Versatile Formation of Co-Culture Spheroids using Perfecta3D™ Hanging Drop Culture Plates

The ability to co-culture and pattern multiple cell types in 3D can open up novel ways to study cancer biology, developmental biology, and tissue engineering and provide new approaches to understand and manipulate heterotypic cellular interactions in 3D. For example, co-culture of different colored cells allows for real-time tracking of cellular localizations, migration, self-organization, differentiation, and intercellular interactions in 3D.

Co-culture spheroids can be easily manipulated using the Perfecta3D™ Hanging Drop Culture Plates by varying the timing and order of seeding different cell types into the hanging drops. Perfecta3D™ Hanging Drop Culture Plates offer several advantages compared to conventional and alternative techniques using rotating bioreactors, non-adherent surfaces, magnetic particles, and round-bottom and V-bottom micro-wells in combination with centrifugation.

Perfecta3D™ Hanging Drop Culture Plates ensure uniform incorporation of all co-culture cell types into the spheroids. The culture system inherently offers the convenience of utilizing natural gravity force to aggregate all cell types into a single spheroid gently, making formation of mixed co-culture spheroids as simple as mono-culture spheroids.

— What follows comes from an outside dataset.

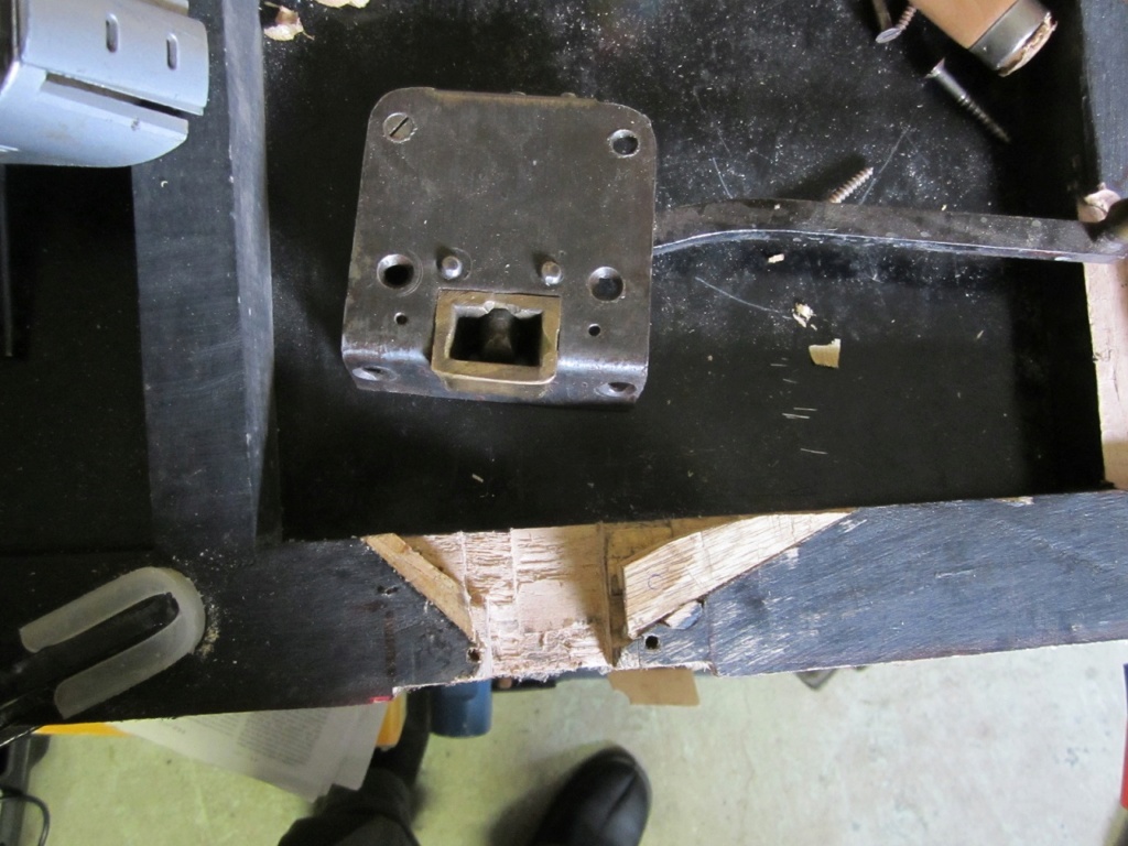 I am woodworking again on the 5HP door. The problem it's a bit to large and i did not have the original 5hp doorlock. In the box with parts that came with the dismantles car there was a lock also Citroen but i think it was from an older model. As the car was transformed to 2 doors i wondered why there was only 1 lock. SO i had to do with what i had. I cut the door to fit the other lock in. When i was in the garage a had taken almost all from that parts box and heard something sliding in it. It turned out the box had a double bottom and the right lock was in there with latch. I did want to put that in but now there was a part of wood missing that should take the screws for the other lock. So now i am glueing in parts of wood to fill it back in.... Hope i get it ready before the woodworms come in.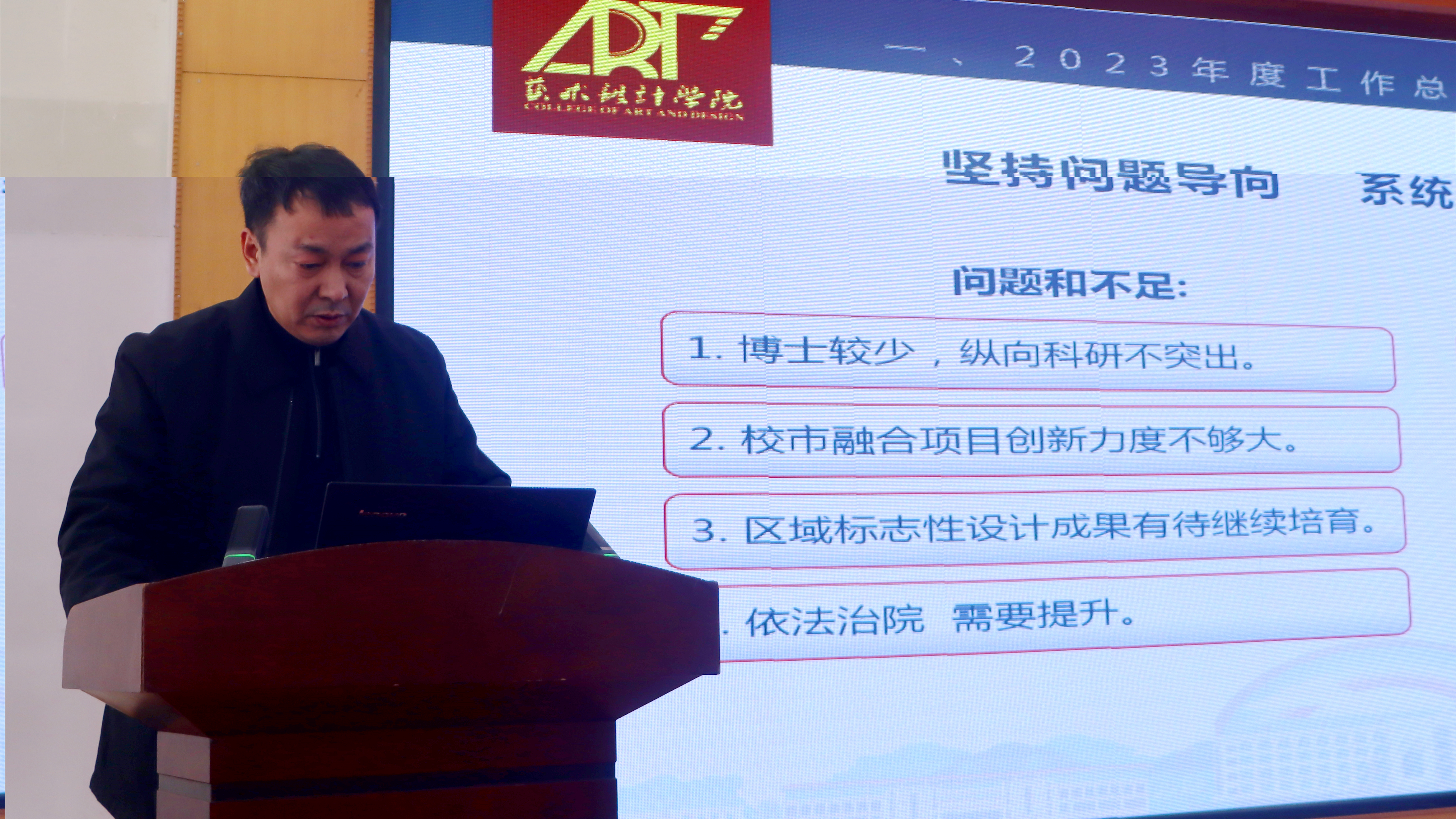 全面学习贯彻落实党的二十大精神,发挥党政联席会、学术委员会的统筹引领作用,以审核评估为契机,逐步完善以绩效工资改革为抓手,高校四大功能协同发展的内部治理体系。一是“以评促建”对标对表加强日常管理工作,提升档案建设水平。聚焦“新工科、新文科”建设,发挥交叉学科优势,深化产教融合、协同育人,推动人才培养方案改革,制定“设计教育、数字媒体”微专业建设方案,完善学科发展体系。二是加强和省内外高校的交流,通过教师互访、课程互鉴、科研互通、学生互动等方式探索区域高校的专业协同机制,持续优化“三立三服、服务社会”的科研创新体系,坚持“全体参与、分类引导”,培育各级各类项目。三是深化校市融合提升服务能力,立足专业建设助力区域乡村振兴、文旅文创融合等发展。积极谋划艺术中心空间布局,确保顺利搬迁。四是以非遗大师工作室建设为抓手传承优秀传统文化,谋划校政企三元协同的“设计+”产教融合研讨会和2024届毕业展览及就业推介会。

Unlike the use of centrifugation, which generates shear forces that can damage cells, or the use of magnetic particles, which can interfere with cellular behaviors and test compounds, the Perfecta3D™ platform offers a simple user-interface, free of external forces or substances.

Perfecta3D™ Hanging Drop Culture Plates have the unique advantage of lacking a bottom substrate for cells to eventually attach to over long-term cultures. The ability to access spheroid samples directly from the top of the plate not only greatly simplifies the steps required in manipulating co-culture spheroids, but also enable sophisticated patterning of spheroids that are not possible using other methods.

Mixed Co-Culture Spheroids

PC-3_DsRed human prostate cancer cells, human embilical vein endothelial (HUVEC) cells, and MC3T3-E1 mouse preosteoblast cells were seeded together at 1:50:50 ratio to form mixed co-culture spheroids. PC-3_DsRed cells, which were transfected with DsRed lentivirus to express red fluorescent protein, are randomly distributed within the spheroid.

Concentric Layer Patterning of Co-Culture Spheroids

Concentric layer patterning was achieved by initially forming a spheroid of one cell type as the inner core. Cell suspension of the second cell type was subsequently added to the existing hanging drop to form an exterior coating around the inner core.

PC-3_DsRed human prostate cancer cells and MC3T3-E1 mouse preosteoblast cells were co-cultured at 1:100 ratio, with PC-3_DsRed cells preferentially patterned in the center core of the spheroid, as the exterior coating of the spheroid, or randomly distributed within the spheroid.

CellTracker Green-labeled COS7 African green monkey kidney fibroblast cells were cultured to form spheroids. On day 3, CellTracker Red-labeled COS7 cells were added to each hanging drop already containing a CellTracker Green-labeled COS7 spheroid. The red cells attached to the periphery of the existing green spheroid and subsequently formed into a single spheroid with the green cells.

Janus Spheroids

Janus spheroids are spheroids composed of two groups of cells juxtaposed next to each other so that each group essentially forms a hemisphere. A Janus spheroid can be formed easily by retrieving a spheroid from the top of an access hole and then gently pipette into another existing hanging drop containing a spheroid, just like the removal and addition of liquid.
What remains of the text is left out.